Sur les demandes accessoires
La décision de première instance sera confirmée en ses dispositions relatives aux dépens et frais irrépétibles.
La société Buffalo Grill sera condamnée aux dépens de l'instance d'appel prévus par l'article 695 du code de procédure civile et à payer à Mme [W] une somme de 1 500 euros au titre de l'article 700 du code de procédure civile pour l'instance d'appel.
Sa demande formée du même chef sera rejetée.
PAR CES MOTIFS
La Cour, statuant publiquement, par arrêt mis à disposition au greffe, contradictoire et en dernier ressort,
Infirme le jugement rendu le 21 octobre 2020 par le conseil de prud'hommes de Boulogne-Billancourt en ce qu'il a :
- dit que le licenciement de Mme [V] [W] repose sur une cause réelle et sérieuse,
- condamné la société Buffalo Grill à payer à Mme [V] [W] une indemnité légale de licenciement de 8 783 euros bruts,
- débouté Mme [V] [W] de sa demande d'indemnité pour licenciement sans cause réelle et sérieuse,
- pris acte de la reconnaissance par la société Buffalo Grill que la prime de transport est due et qu'elle s'engage à la verser,
- débouté Mme [V] [W] de sa demande de dommages et intérêts pour remise erronée et tardive des documents de fin de contrat,
Le confirme pour le surplus,
Statuant de nouveau sur les chefs infirmés et y ajoutant,
Condamne la société Buffalo Grill à payer à Mme [V] [W] les sommes de :
- 8 783 euros net à titre d'indemnité légale de licenciement,
- 15 058 euros net à titre d'indemnité pour licenciement sans cause réelle et sérieuse,
- 100 euros au titre du rappel de la prime de transport de février à juillet 2018 inclus,
- 300 euros à titre de dommages et intérêts pour la remise erronée et tardive des documents de fin de contrat,
Déboute Mme [V] [W] du surplus de ses demandes à ces titres,
Dit que les créances de nature salariale porteront intérêts au taux légal à compter de la réception par l'employeur de sa convocation devant le bureau de conciliation et d'orientation du conseil de prud'hommes et les créances indemnitaires à compter de la présente décision,
Ordonne la capitalisation des intérêts en application de l'article 1343-2 du code civil,
Ordonne à la société Buffalo Grill de rembourser à Pôle emploi les indemnités de chômage versées à Mme [V] [W] du jour de son licenciement dans la limite de six mois d'indemnités de chômage,
Dit qu'une copie certifiée conforme du présent arrêt sera adressée par le greffe par lettre simple à la direction générale de Pôle emploi conformément aux dispositions de l'article R. 1235-2 du code du travail,
Condamne la société Buffalo Grill aux dépens de l'instance d'appel prévus par l'article 695 du code de procédure civile,
Condamne la société Buffalo Grill à payer à Mme [V] [W] une somme de 1 500 euros au titre de l'article 700 du code de procédure civile,
Déboute la société Buffalo Grill de sa demande formée au titre de l'article 700 du code de procédure civile.

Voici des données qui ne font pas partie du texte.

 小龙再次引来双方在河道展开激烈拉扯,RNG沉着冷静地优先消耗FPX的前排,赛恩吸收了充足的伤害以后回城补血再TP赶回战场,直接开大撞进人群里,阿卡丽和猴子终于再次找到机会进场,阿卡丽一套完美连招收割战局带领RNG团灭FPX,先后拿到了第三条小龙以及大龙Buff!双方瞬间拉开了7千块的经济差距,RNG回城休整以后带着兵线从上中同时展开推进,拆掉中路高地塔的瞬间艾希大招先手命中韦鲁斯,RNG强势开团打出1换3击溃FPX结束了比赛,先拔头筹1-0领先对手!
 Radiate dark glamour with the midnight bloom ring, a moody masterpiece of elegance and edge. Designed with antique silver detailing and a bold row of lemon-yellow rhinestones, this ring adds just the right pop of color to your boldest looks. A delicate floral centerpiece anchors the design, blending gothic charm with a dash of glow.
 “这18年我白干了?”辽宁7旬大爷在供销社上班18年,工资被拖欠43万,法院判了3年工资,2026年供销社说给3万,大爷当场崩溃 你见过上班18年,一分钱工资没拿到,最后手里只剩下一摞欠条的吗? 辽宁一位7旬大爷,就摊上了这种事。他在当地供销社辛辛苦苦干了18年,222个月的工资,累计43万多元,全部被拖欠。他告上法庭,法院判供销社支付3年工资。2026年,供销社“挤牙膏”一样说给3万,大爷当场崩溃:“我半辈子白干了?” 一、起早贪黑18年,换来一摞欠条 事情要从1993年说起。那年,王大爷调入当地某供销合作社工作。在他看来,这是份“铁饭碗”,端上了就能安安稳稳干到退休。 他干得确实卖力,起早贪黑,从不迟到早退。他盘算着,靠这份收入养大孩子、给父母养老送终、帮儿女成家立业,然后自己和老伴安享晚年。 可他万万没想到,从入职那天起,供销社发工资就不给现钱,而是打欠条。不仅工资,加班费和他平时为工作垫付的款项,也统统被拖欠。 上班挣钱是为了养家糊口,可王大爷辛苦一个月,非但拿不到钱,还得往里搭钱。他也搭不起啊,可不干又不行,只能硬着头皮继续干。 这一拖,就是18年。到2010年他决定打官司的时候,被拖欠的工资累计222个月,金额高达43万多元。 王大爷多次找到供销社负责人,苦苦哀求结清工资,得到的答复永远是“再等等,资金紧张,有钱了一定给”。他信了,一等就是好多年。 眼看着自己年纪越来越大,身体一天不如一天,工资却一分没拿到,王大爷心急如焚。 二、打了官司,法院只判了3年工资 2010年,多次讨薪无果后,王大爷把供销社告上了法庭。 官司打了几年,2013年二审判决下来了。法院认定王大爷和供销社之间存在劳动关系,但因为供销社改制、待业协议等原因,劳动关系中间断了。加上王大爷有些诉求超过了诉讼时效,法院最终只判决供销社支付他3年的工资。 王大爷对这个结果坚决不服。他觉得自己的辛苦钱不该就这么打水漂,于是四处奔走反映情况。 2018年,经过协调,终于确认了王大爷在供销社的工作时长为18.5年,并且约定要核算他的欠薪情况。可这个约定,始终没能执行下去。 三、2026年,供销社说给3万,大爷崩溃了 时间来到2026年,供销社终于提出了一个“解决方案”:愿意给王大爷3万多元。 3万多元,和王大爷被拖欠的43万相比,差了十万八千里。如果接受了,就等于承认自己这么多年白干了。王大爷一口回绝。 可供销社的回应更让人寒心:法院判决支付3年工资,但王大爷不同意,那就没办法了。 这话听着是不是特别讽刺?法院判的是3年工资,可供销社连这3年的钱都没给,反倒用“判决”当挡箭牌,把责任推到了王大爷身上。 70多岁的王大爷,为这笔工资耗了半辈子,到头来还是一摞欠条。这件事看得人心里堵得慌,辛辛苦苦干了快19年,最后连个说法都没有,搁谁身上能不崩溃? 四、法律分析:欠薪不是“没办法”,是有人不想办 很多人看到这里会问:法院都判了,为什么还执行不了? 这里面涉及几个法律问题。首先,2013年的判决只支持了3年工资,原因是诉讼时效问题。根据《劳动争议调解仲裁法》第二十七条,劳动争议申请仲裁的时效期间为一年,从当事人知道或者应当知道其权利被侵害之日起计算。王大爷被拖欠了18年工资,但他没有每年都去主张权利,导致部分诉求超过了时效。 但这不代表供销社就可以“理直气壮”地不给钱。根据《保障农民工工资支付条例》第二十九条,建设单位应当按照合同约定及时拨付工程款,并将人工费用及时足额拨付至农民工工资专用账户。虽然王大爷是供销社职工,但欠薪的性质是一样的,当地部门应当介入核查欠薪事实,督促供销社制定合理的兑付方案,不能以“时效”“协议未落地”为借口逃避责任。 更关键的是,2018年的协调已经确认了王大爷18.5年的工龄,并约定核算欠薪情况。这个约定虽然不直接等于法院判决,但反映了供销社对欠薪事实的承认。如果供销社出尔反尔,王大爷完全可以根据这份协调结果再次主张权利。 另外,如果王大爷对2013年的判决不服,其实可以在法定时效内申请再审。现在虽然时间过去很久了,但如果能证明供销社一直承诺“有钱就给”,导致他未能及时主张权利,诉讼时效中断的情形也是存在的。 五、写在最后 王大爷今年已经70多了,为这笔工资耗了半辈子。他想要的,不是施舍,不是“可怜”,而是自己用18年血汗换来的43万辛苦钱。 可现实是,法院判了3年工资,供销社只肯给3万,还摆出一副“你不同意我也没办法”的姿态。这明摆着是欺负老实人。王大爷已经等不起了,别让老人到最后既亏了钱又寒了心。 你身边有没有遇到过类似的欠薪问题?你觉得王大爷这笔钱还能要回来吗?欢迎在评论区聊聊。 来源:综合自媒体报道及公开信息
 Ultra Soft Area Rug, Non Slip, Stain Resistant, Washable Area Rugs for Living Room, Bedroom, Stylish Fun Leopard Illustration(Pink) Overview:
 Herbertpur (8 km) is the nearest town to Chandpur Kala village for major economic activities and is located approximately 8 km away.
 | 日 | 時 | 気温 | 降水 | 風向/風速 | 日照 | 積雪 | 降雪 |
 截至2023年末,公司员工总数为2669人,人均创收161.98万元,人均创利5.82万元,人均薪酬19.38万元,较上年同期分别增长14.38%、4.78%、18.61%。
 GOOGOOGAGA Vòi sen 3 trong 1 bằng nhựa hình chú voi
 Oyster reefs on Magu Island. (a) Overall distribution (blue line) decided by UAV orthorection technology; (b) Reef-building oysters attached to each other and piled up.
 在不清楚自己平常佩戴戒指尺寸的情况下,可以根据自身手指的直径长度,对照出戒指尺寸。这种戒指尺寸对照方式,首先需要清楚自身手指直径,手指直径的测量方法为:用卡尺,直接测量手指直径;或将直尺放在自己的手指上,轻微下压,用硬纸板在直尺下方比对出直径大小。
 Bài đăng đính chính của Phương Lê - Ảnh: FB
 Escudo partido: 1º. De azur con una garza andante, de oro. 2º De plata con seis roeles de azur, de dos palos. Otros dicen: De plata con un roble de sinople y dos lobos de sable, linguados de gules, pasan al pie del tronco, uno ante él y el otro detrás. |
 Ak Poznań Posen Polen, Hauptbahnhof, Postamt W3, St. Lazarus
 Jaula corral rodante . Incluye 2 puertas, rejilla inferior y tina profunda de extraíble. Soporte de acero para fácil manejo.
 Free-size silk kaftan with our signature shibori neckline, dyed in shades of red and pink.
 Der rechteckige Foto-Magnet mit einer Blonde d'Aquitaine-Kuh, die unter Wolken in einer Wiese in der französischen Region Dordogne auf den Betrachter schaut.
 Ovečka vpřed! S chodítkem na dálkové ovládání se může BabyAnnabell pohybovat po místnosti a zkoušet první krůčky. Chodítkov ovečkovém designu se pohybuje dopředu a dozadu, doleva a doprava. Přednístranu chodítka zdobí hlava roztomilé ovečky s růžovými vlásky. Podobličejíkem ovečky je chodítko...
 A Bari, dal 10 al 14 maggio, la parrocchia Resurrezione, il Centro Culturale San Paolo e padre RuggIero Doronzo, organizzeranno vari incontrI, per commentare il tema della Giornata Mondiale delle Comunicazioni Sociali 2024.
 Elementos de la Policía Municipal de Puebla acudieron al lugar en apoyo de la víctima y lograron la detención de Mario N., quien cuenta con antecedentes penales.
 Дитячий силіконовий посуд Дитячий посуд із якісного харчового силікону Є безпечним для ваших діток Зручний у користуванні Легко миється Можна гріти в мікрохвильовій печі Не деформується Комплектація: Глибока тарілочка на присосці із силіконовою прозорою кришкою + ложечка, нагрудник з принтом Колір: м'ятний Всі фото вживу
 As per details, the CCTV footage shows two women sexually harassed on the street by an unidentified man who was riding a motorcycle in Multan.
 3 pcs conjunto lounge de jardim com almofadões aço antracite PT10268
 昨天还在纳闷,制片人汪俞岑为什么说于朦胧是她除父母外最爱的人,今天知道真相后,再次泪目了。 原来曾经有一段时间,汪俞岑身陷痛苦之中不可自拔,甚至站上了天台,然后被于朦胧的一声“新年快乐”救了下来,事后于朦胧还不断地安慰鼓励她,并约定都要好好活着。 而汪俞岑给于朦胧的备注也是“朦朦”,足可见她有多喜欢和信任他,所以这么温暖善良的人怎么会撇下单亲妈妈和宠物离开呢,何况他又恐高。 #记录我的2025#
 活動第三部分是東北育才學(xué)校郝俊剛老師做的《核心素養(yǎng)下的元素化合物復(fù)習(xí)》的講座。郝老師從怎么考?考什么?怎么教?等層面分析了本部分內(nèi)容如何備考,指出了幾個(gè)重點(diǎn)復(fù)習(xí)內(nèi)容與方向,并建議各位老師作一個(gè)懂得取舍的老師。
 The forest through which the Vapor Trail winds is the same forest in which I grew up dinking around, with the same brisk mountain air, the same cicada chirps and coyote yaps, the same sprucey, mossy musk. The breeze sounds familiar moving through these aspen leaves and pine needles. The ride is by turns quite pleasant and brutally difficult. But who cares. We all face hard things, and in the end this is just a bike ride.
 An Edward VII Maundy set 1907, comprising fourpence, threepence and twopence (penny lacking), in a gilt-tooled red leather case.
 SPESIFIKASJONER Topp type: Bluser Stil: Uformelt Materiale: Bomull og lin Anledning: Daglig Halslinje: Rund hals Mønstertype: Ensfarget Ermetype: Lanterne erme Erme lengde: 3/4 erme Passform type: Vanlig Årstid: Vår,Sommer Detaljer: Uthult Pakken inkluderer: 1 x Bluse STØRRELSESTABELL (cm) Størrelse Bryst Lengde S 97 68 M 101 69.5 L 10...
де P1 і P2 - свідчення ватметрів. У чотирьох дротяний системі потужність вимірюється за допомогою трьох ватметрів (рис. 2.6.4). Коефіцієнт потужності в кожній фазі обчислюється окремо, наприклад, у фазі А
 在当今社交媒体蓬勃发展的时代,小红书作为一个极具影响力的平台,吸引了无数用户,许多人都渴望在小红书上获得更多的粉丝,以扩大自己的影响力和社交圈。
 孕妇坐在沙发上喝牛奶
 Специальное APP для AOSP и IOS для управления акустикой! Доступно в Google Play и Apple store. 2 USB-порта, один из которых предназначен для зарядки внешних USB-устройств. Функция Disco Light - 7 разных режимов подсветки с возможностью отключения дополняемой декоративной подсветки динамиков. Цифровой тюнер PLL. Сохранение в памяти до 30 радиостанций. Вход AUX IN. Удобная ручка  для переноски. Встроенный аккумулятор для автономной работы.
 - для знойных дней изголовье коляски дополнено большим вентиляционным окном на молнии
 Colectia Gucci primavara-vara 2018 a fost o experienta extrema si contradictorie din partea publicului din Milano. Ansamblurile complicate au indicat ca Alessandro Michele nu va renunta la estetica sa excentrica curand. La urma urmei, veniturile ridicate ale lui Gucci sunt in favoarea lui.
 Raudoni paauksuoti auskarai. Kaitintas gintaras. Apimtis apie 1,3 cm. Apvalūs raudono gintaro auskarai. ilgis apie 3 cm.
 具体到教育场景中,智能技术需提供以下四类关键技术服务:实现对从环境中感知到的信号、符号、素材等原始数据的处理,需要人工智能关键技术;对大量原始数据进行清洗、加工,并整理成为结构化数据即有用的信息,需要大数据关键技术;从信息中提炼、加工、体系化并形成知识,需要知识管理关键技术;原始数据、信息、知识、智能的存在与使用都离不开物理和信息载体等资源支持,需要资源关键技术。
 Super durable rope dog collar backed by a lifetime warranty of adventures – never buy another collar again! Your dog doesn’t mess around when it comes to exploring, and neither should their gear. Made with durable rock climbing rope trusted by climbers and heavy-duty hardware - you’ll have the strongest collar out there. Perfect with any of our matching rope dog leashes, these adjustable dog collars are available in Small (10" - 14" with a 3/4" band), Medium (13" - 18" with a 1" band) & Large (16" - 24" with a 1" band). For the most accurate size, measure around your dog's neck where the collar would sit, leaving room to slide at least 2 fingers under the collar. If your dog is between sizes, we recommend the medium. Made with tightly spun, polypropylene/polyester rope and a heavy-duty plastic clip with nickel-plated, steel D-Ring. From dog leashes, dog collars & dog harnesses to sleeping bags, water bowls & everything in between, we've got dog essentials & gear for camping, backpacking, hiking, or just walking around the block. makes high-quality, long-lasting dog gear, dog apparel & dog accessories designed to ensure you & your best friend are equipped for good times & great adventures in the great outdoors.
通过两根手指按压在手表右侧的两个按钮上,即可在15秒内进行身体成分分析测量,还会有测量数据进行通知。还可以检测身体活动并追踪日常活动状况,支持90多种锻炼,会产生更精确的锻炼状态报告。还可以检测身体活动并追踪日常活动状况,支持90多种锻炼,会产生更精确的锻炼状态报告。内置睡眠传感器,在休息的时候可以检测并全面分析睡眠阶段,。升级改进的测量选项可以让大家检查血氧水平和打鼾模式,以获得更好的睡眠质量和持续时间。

Arrêt prononcé publiquement à la date indiquée par mise à disposition au greffe de la cour d'appel, les parties ayant été préalablement avisées dans les conditions prévues au deuxième alinéa de l'article 450 du code de procédure civile et signé par Mme Catherine Bolteau-Serre, président, et par Mme Domitille Gosselin, greffier, auquel la minute de la décision a été remise par le magistrat signataire.